Deep Learning has revolutionized the domain of Computer Vision. Over the years, research has proved successful to enable computers to mimic human perspective of the real world. This research has widened the scope of using Computer softwares for tasks which were otherwise tedious for humans as a result also reducing human error. A good application of Computer Vision is detecting humans in a video or an image to monitor suspicious activities or study human behavior. In case of Sports Analysis, player movements are traced to study their tactics and strategize for future games.

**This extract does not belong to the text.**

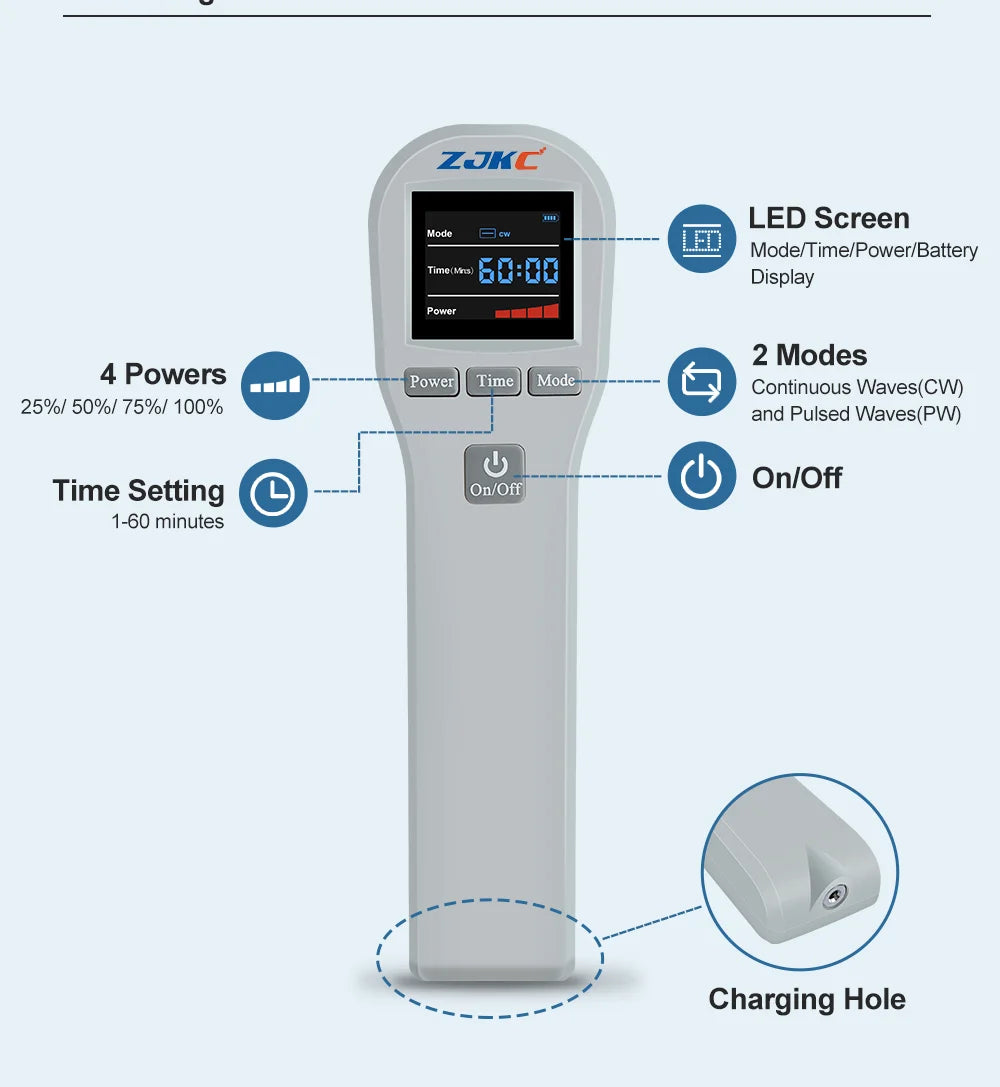 The ZJKC Cold Laser Therapy Deviceis a handheld little miracle that allows you to get professional grade joint and muscular therapy right from the comfort of your own home. Ditch expensive and time-consuming appointments with therapists and get your life back, on your own terms! Treat sports injuries, arthritic conditions, and any joint or muscular pain with this revolutionary laser device. With deep tissue penetrating lasers that are invisible to the naked eye, you'll notice quick results and more efficient recovery after working out. The Device even works on animals, so your aging pets can also experience joint relief in their twilight years.

This Project involved recognizing humans in an image with boundind boxes using a pretrained YOLOv3 model based on Darknet 53 architecture.

Tools Used:

  • Python 3
  • Apache MXNet
  • GluonCV
  • Matplotlib
  • Jupyter Lab

Object Detection is a subdomain of Computer Vision in which objects present in a frame or image are represented using a rectangle otherwise known as a bounding box. Each of these bounding boxes can be represented using one of the following two formats:

  1. Pascal-VOC bounding box: (x-top left, y-top left, x-bottom-right, y-bottom-right)

    The (x-top-left, y-top-left) together gives the Cartesian coordinates of top-left point of the bounding box assuming the top-left point of the image as the origin (0,0). The (x-bottom-right, y-bottom-right) give the Cartesian coordinates of the bottom-right point of the image with the same assumptions.

  2. COCO bounding box: (x-top-left, y-top-left, width, height)

    The (x-top-left, y-top-left) gives the Cartesian coordinates for top-left point of the bounding box considering the top-left point of the image as the origin (0,0). The width and height of the bounding boxare then given relative to total width and height of the image respectively. The COCO bounding box format is used for YOLO architectures.

Researchers successfully developed three different algorithms for object detection as follows:

  • Regions with Convolutional Neural Networks (R-CNN)
  • Single Shot Detector (SSD)
  • You Look Only Once (YOLO)

Each of these algorithms has its advantages and drawbacks. The Faster R-CNN with Resnet 101 architecture pretrained on COCO dataset performs slower as compared to YOLOv3 with Darknet 53 architecture. However the MAP (Mean Average Precision) score, a metric used to compare Object Detection algorithms; is higher for R-CNN than YOLOv3 for COCO test dataset. This implies that YOLOv3 architecture can process more frames per second with fairly lower accuracy whereas a Faster R-CNN architecture will process less frames per second but with higher accuracy.

This Project involves detecting humans in an image with bounding boxes. An application of this Project is to trace human movement in an environment from one frame to next used in Sports Analysis to study movement of players and determine new tactics to strategize for future games. Since the primary requirement for video analysis is to process higher frames per second (atleast 30), I chose the YOLOv3 with Darknet 53 architecture for this Project.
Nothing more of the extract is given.